Лебенталь тем временем взял себя в руки.

— Оставь деньги себе, — заявил он решительно. — На сегодня мне хватит.

— Не нужны мне твои деньги! — резко сказал он, заметив, что 509-й собирается возразить. — У меня есть деньги! Оставь меня в покое!

509-й медленно поднялся на ноги. Еще несколько минут назад ему казалось, что он уже никогда не сможет встать, что его кости действительно превратились в желатин. Он пошевелил руками, не спеша пошел вдоль барака, словно желая убедиться, что и ноги его еще могут двигаться. К нему присоединился Бергер. Некоторое время они молчали.

— Послушай, Эфраим, — сказал, наконец, 509-й. — Как ты думаешь, мы сможем когда-нибудь избавиться от страха, если выберемся отсюда?

— Что, худо было?

— Худо. Хуже некуда. Со мной такого еще никогда не было.

— Это потому, что ты опять хочешь жить.

— Ты думаешь?

— Да. Мы все изменились.

— Может быть. Ну так как насчет страха? Избавимся мы он него когда-нибудь или нет?

— Не знаю. От этого страха — да. Это ведь был разумный страх. Страх, имеющий причину. А другой, постоянный, страх лагерника… Я не знаю. Да и какое это сейчас имеет значение. Сейчас мы должны думать только о завтрашнем дне. О завтрашнем дне и о Хандке.

— Как раз об этом я и не хочу думать, — ответил 509-й.

Глава тринадцатая

Бергер шагал по дороге, ведущей в крематорий. Рядом шли строем шестеро заключенных. Одного из них он знал. Это был прокурор Моссе. В 1932 году он в качестве соистца участвовал в одном процессе против двух нацистов, обвинявшихся в убийстве. Нацистов оправдали, а Моссе сразу же после захвата власти отправили за колючую проволоку. Бергер не видел его с тех пор, как попал в Малый лагерь. Он узнал его по очкам с одним стеклом. Второе Моссе было ни к чему: у него был лишь один глаз; второй ему в 1933 году выжгли сигаретой, на память о процессе.

Моссе шел с краю.

— Куда? — спросил Бергер, не шевеля губами.

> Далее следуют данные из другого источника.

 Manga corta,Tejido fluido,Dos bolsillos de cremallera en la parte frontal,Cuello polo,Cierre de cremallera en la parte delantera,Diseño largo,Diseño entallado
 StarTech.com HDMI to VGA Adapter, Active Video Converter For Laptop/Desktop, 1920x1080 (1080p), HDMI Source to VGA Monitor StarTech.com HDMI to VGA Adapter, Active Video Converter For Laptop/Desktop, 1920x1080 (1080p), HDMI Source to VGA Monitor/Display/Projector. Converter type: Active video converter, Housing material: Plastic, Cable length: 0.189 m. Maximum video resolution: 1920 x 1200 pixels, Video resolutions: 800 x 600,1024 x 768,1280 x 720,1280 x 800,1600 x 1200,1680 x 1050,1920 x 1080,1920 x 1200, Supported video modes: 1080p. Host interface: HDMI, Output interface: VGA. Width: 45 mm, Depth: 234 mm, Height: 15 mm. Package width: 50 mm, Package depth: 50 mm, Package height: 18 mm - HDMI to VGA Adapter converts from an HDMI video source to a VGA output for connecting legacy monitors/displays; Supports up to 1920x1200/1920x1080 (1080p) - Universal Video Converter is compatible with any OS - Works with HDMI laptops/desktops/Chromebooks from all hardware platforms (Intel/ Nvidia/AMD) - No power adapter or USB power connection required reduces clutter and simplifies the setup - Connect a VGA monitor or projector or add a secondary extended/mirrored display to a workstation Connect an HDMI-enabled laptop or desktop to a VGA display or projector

— В крематорий. На работу.

Группа обогнала его. Бергер узнал еще одного: социал-демократа, партийного секретаря Бреде. Од вдруг заметил, что все шестеро были политическими. Их сопровождал капо с зеленой нашивкой уголовника. Он насвистывал какую-то мелодию. Бергер вспомнил: это был шлягер из какой-то старой оперетты. В памяти у него даже остались слова: «Прощай, волшебница звонка, прощай, до следующей встречи».

«Волшебница звонка… — озадаченно повторил он про себя, глядя вслед шестерым. — Наверное, какая-нибудь телефонистка.» Почему вдруг вспомнились эти слова? Почему он до сих пор не забыл эту грошовую мелодию и даже идиотский текст? Столько важных вещей давно ушли из памяти.

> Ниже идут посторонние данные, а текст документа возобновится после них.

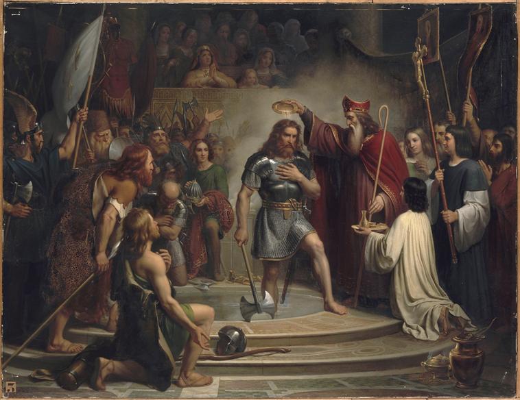 scène historique (baptême d'adulte : Clovis Ier, saint Remi de Reims : évêque)
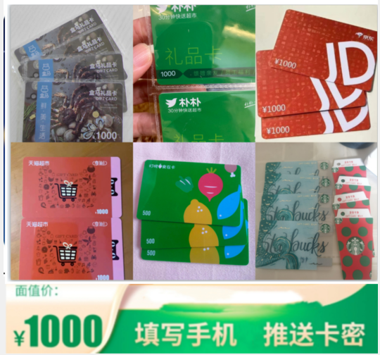京东E卡/ 叮咚买菜/ 天猫超市/ 盒马/ 携程/ 仆仆超市/礼品卡/(多面值)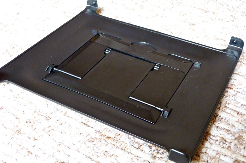 Zuerst reinigt man mit dem beiliegenden Tuch das Display des iPads und trägt die Schutzfolie auf. Danach entfernt man den Silikon-Skin vom Gehäuse, wodurch dieses mittels eines abnehmbaren Elementes geöffnet werden kann.

Он шел не спеша, наслаждаясь свежестью раннего утра. Этот каждодневный путь через рабочий лагерь был для него чем-то вроде утренней прогулки по парку. Еще пять минут до стены, окружавшей крематорий. Пять минут утреннего ветра.

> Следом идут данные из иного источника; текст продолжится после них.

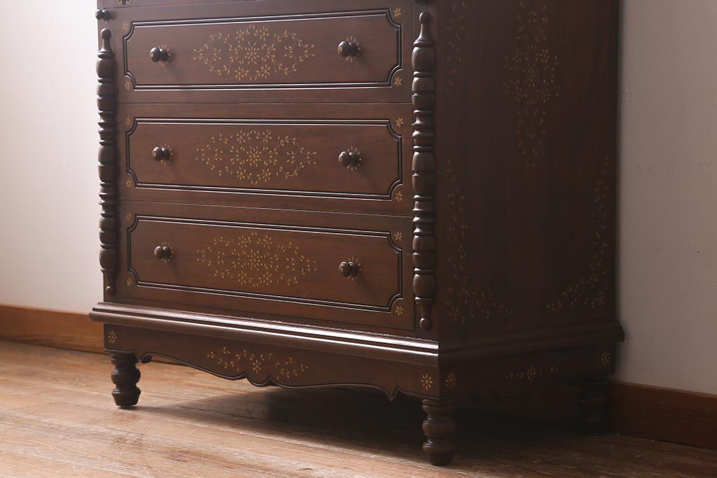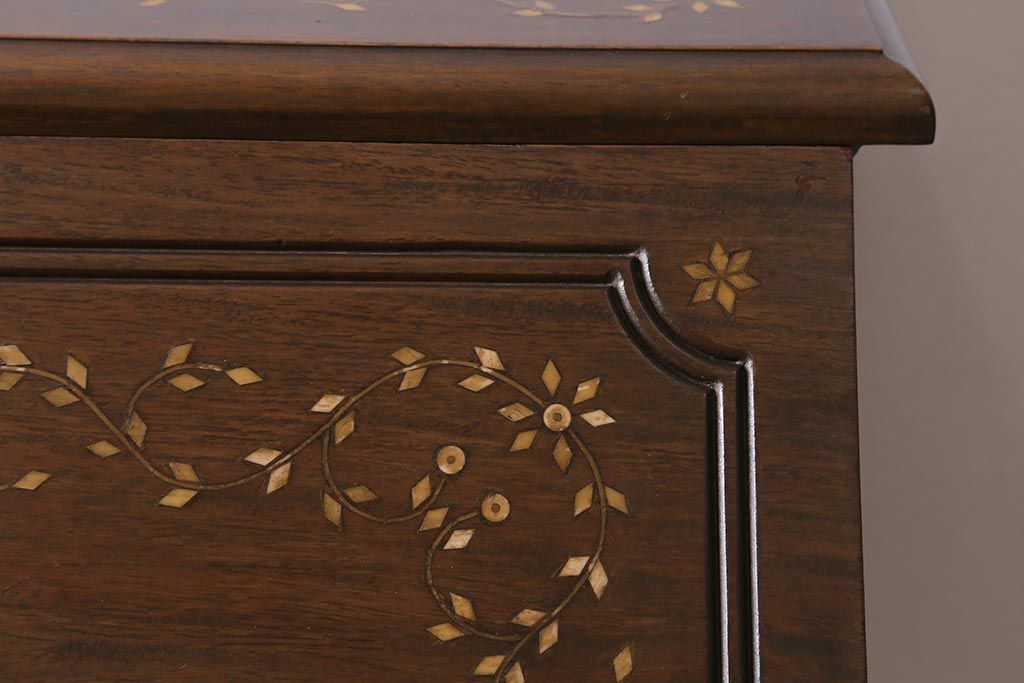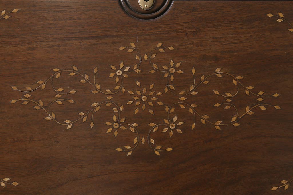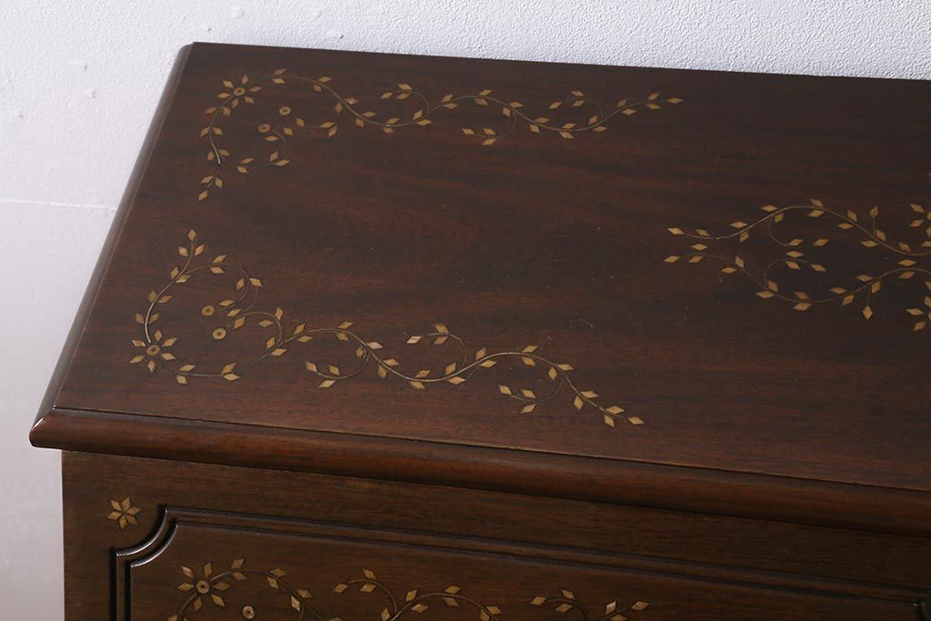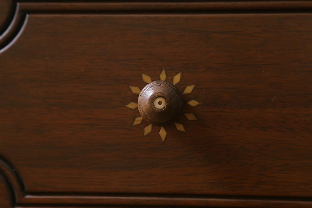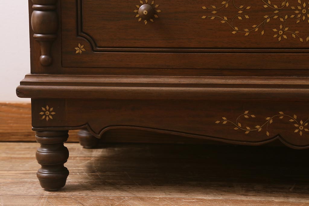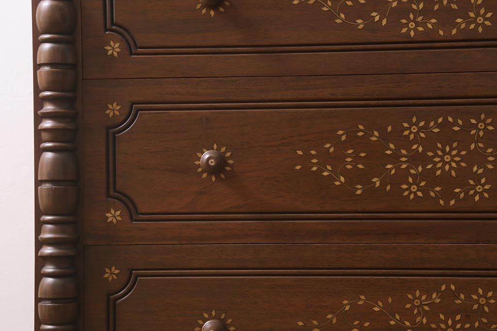 ラフジュ工房> デスク> ワークデスク > ヴィンテージ家具 ヨーロッパビンテージ 輸入家具 象嵌と挽き物細工が目を引くライティングビューロー(簿記机、在宅ワーク、在宅用ワークデスク、机、在宅ワーク、在宅用引き出し)(R-041133)

Он увидел, как шестеро заключенных, среди которых были Моссе и Бреде, исчезли в воротах. Странно, что на работу в крематорий послали новых людей. Рабочая команда крематория состояла из особой группы заключенных, которые жили вместе. Их лучше кормили. Кроме того, они пользовались определенными привилегиями. Через несколько месяцев их обычно отправляли в газовые камеры, заменив другими. Теперешний состав команды работал всего два месяца, а посторонних в крематорий посылали очень редко. Бергер был, пожалуй, единственным. В начале его откомандировали сюда всего на несколько дней, а когда умер его предшественник, ему велели продолжать работу. Он не получал усиленного пайка, не жил вместе с командой истопников и поэтому надеялся, что его не отправят через два-три месяца вместе с другими в лагерь смерти. Но это была всего лишь надежда.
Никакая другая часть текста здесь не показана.